Computer Vision & Edge Computing
December 8, 2023
Neural networks and edge computing for automatic license plate detection
How interesting: the standard way to train a computer vision system is similar to the way we teach children. We point to objects and tell the system what they are so it can identify them clearly. We repeat this process until the child (our model in this case) starts to recognize patterns in the information we give them: a cat usually has pointed ears and four legs, a bird has a beak and wings, a car has wheels, doors, and a steering wheel.
This process is known as supervised learning. A system that learns, but doesn’t do so completely by itself. Indeed, a model must be explicitly taught what each object is by assigning it a “label”.
So, once a model receives enough correctly labeled images with the main features of the objects of interest, it can be used for an application.
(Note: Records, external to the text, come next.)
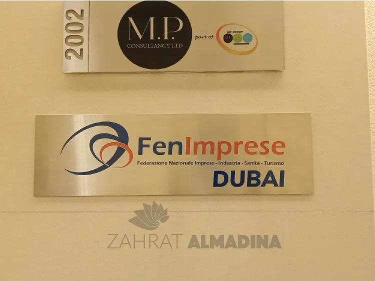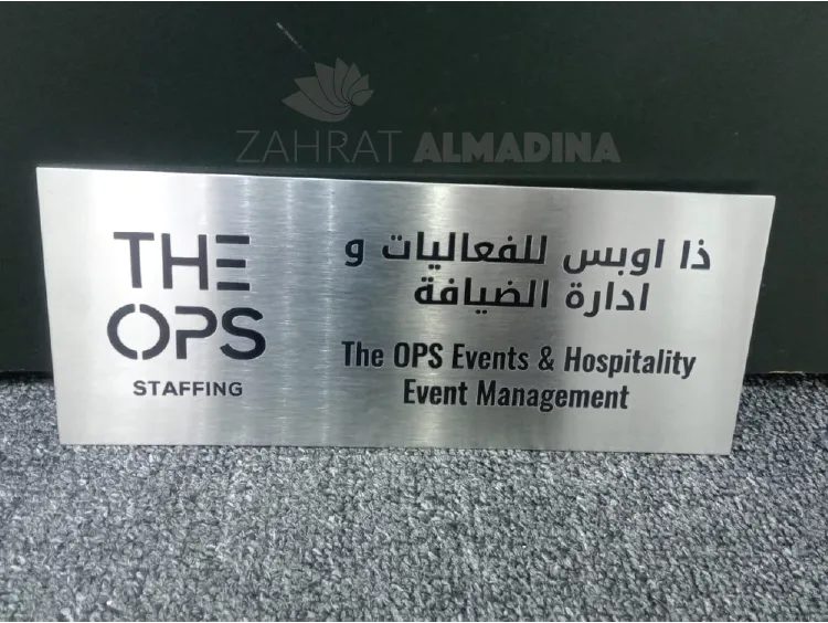 Zahrat Al Madina Printing is one of the top metal name plate manufacturers in Dubai, supplying customised name plates for offices, doors, and interiors.
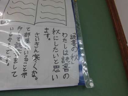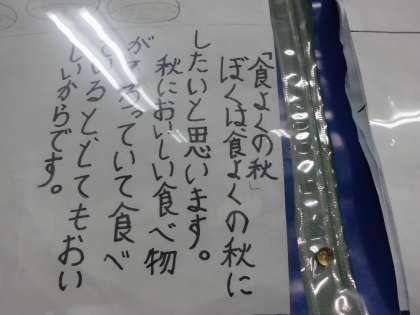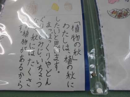 スポーツの秋,読書の秋,食よくの秋・・・何をするにもよい季節です。自分の秋を,文と絵に表しました。
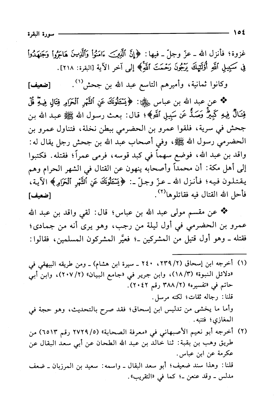 * عن عبد الله بن عباس -رضي الله عنهما-: {يَسْأَلُونَكَ عَنِ الشَّهْرِ الْحَرَامِ قِتَالٍ فِيهِ قُلْ قِتَالٌ فِيهِ كَبِيرٌ وَصَدٌّ عَنْ سَبِيلِ اللهِ}؛ قال: بعث رسول الله - صلى الله عليه وسلم - عبد الله بن جحش في سرية، فلقوا عمرو بن الحضرمي ببطن نخلة، فتناول عمرو بن الحضرمي رسول الله - صلى الله عليه وسلم -، وفي أصحاب عبد الله بن جحش رجل يقال له: واقد بن عبد الله، فوضع سهماً في كبد قوسه، فرمى عمراً؛ فقتله. فكتبوا إلى أهل مكة: أن محمداً وأصحابه ينهون عن القتال في الشهر الحرام وهم يقتلون فيه؛ فأنزل الله -عزّ وجلّ-: {يَسْأَلُونَكَ عَنِ الشَّهْرِ الْحَرَامِ} الآية، فأحل الله القتال فيه فقاتلوها (¬2). [ضعيف]
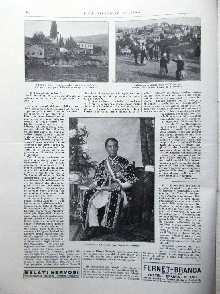 L'illustrazione Italiana 15 Ottobre 1916 WW1 Abissinia Venezia Gorizia Dolomiti
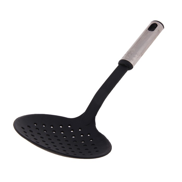 Хорошая шумовка. Нейлон без запаха и заусениц. Размер небольшой. Рукоятка из тонкого металла. Легкая. За такую цену, просто подарок.
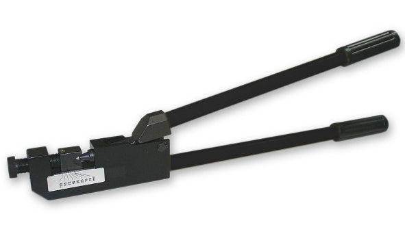 Пресс ручной механический точечный ПРМТ-120 предназначен для оконцевания наконечниками и соединения гильзами медных и алюминиевых жил проводов и кабелей сечением от 10 до 120 мм2. Опрессовка производится способом клиновидного (точечного) вдавливания. Пресс снабжен общей встроенной V-образной матрицей с винтовой регулировкой под необходимое сечение кабеля и общим клиновидным пуансоном. Усилие опрессовки создается одним движением рукояток рычажного типа, обеспечивая надежное контактное соединение.

How is this done? Simply by processing an image and collecting the model's output, which is the object detected. As we saw in the previous examples (the cat, the bird, or the car), the system can classify objects thanks to patterns if found in images.
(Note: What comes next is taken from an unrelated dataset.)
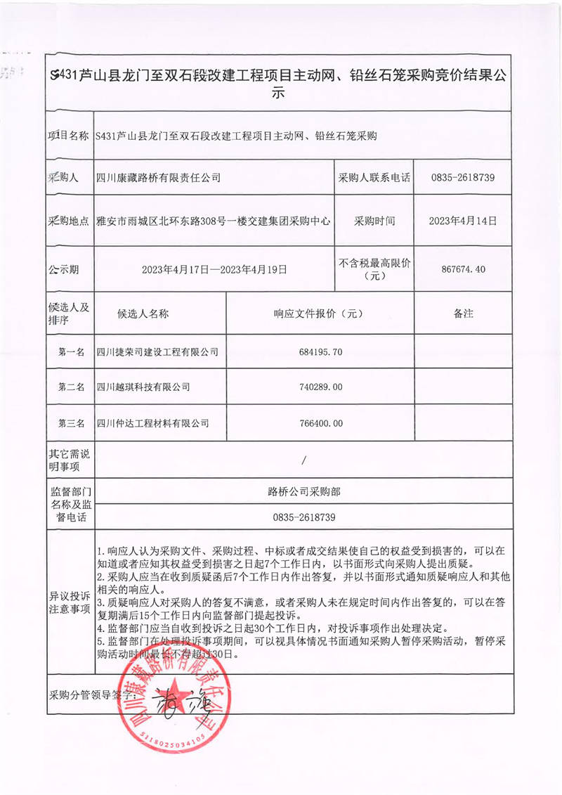 四川康藏路橋有限責(zé)任公司S431蘆山縣龍門至雙石段改建工程項目主動網(wǎng)、鉛絲石籠采購競價結(jié)果公示

This is what Sngular's Artificial Intelligence team has done for the creation of an automatic license plate detection system. Specifically, it consists of an Android application implanted into a camera, which is able to detect and read the license plates that appear in the camera's video stream and send the information to a video management system or a server. That is, the system processes an image (or video) as an input, detects the license plates that appear and reads the characters of these plates.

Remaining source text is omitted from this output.